- TASK STATEMENT -
Each entry must come back word for word; drop the images as you go.

- INPUT RECORDS -
☆ ☆ ☆

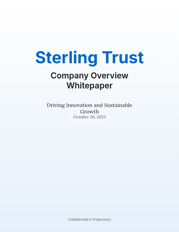 Mẫu Whitepaper Tổng Quan Công Ty của chúng tôi được thiết kế đặc biệt để trình bày một bức tranh toàn diện về doanh nghiệp của bạn, bao gồm sứ mệnh, lịch sử, sản phẩm và vị thế thị trường. Phù hợp cho các startup muốn thu hút nhà đầu tư hoặc các công ty đã thành lập muốn làm mới câu chuyện thương hiệu, mẫu này giúp quá trình sáng tạo trở nên dễ dàng hơn với các phần đã được cấu trúc sẵn. Khác với whitepapers chung chung, nó tập trung vào các câu chuyện riêng của công ty và các điểm khác biệt chính, tiết kiệm thời gian và đảm bảo rõ ràng, chuyên nghiệp. Các yếu tố chính bao gồm tiểu sử lãnh đạo, giá trị cốt lõi, mốc quan trọng và lợi thế cạnh tranh, là công cụ hoàn hảo cho marketing, gây quỹ hoặc các đối tác chiến lược.
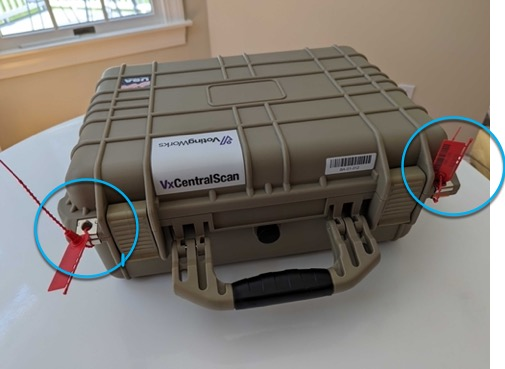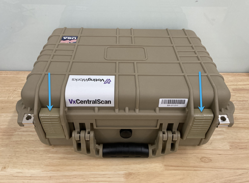 To pack up the VxCentralScan, simply place all of the components back into the case as displayed above and package the batch document scanner. Secure the laptop case as required by sealing the eyelets highlighted below.
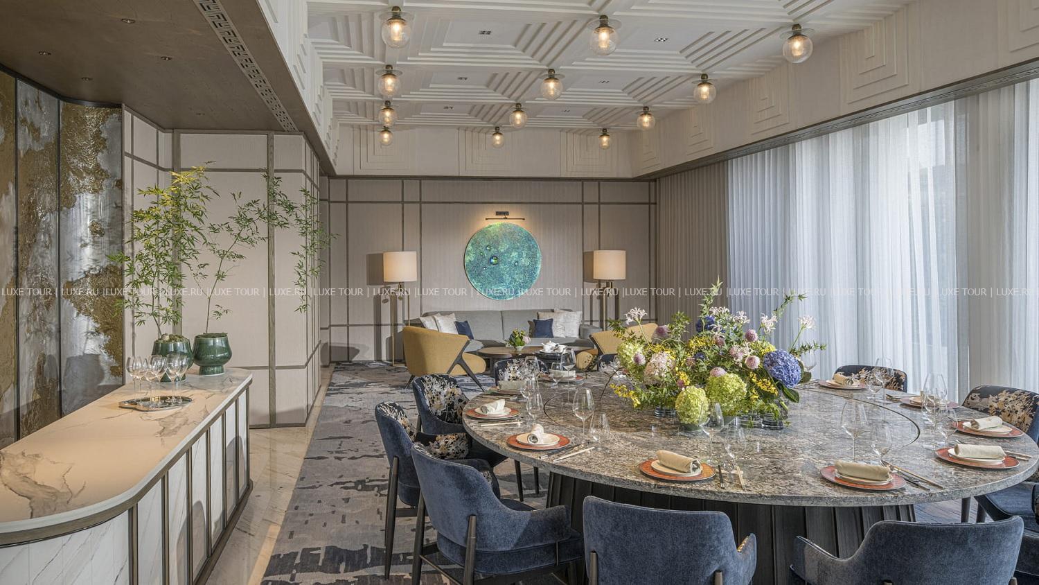 - Гастрономический ресторан Song с элегантным интерьером и пятью приватными залами представляет деликатесы региона Нинбо с акцентом на морепродукты.
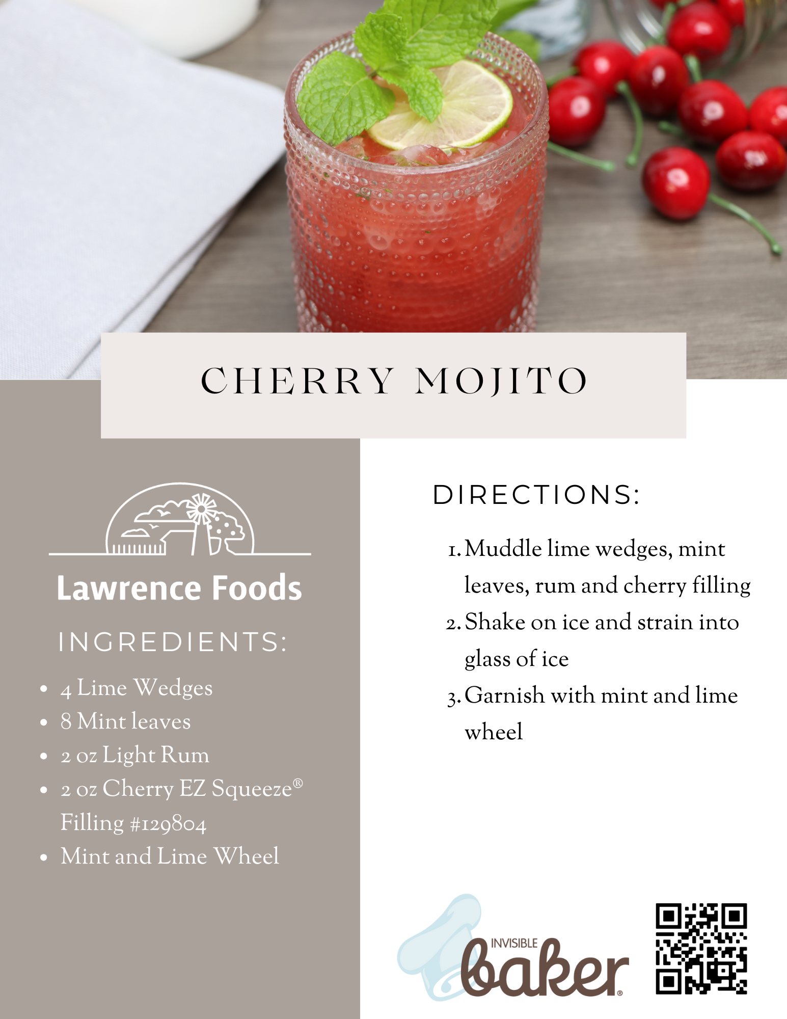 Fresh mint and cherry bring refreshing flavor to this mojito variation that is sour sweet success. Lawrence Foods Cherry Filling melds into the classic cocktail to become even more delicious with the delightful fruit finish.
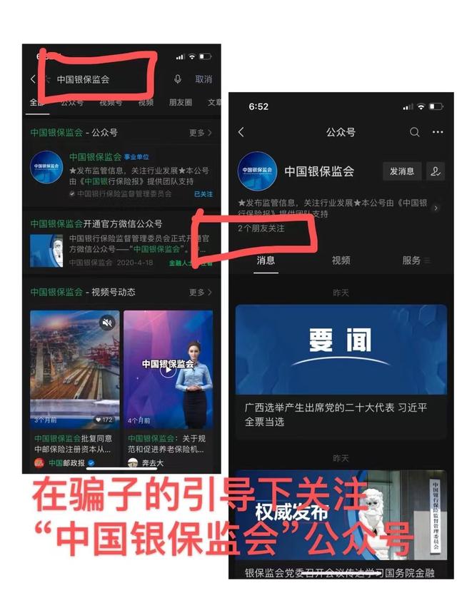 第二步:登录手机微信,当中搜索“中国银保监会”公众号,点击关注(我搜索关注以后发现显示我有几个朋友在关注,再一看对方以往的信息,都是很严肃的新闻结构那种,同时查看了公众号的注册日期等相关信息,打消了顾虑;)
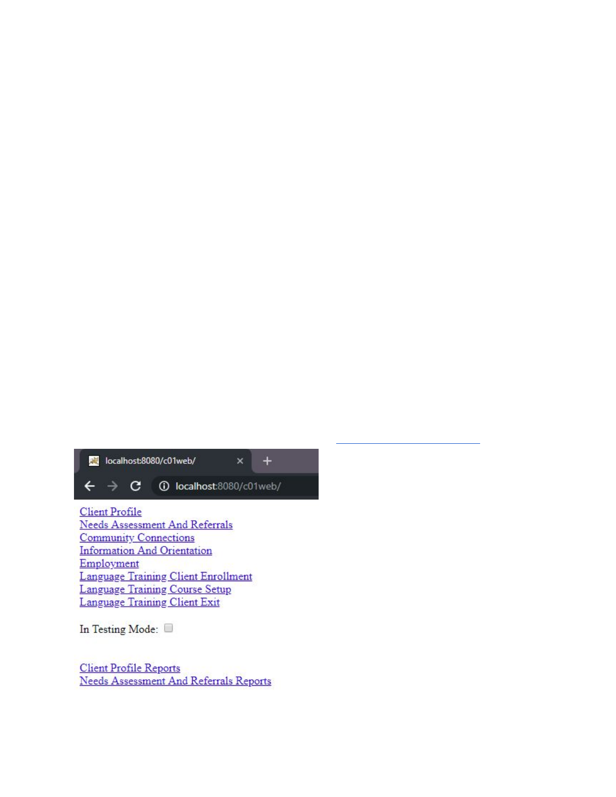 The tester should start on the main page of the project http://localhost:8080/c01web/

☆ ☆ ☆

- TASK RESPONSE -
 Mẫu Whitepaper Tổng Quan Công Ty của chúng tôi được thiết kế đặc biệt để trình bày một bức tranh toàn diện về doanh nghiệp của bạn, bao gồm sứ mệnh, lịch sử, sản phẩm và vị thế thị trường. Phù hợp cho các startup muốn thu hút nhà đầu tư hoặc các công ty đã thành lập muốn làm mới câu chuyện thương hiệu, mẫu này giúp quá trình sáng tạo trở nên dễ dàng hơn với các phần đã được cấu trúc sẵn. Khác với whitepapers chung chung, nó tập trung vào các câu chuyện riêng của công ty và các điểm khác biệt chính, tiết kiệm thời gian và đảm bảo rõ ràng, chuyên nghiệp. Các yếu tố chính bao gồm tiểu sử lãnh đạo, giá trị cốt lõi, mốc quan trọng và lợi thế cạnh tranh, là công cụ hoàn hảo cho marketing, gây quỹ hoặc các đối tác chiến lược.
 To pack up the VxCentralScan, simply place all of the components back into the case as displayed above and package the batch document scanner. Secure the laptop case as required by sealing the eyelets highlighted below.
 - Гастрономический ресторан Song с элегантным интерьером и пятью приватными залами представляет деликатесы региона Нинбо с акцентом на морепродукты.
 Fresh mint and cherry bring refreshing flavor to this mojito variation that is sour sweet success. Lawrence Foods Cherry Filling melds into the classic cocktail to become even more delicious with the delightful fruit finish.
 第二步:登录手机微信,当中搜索“中国银保监会”公众号,点击关注(我搜索关注以后发现显示我有几个朋友在关注,再一看对方以往的信息,都是很严肃的新闻结构那种,同时查看了公众号的注册日期等相关信息,打消了顾虑;)
 The tester should start on the main page of the project http://localhost:8080/c01web/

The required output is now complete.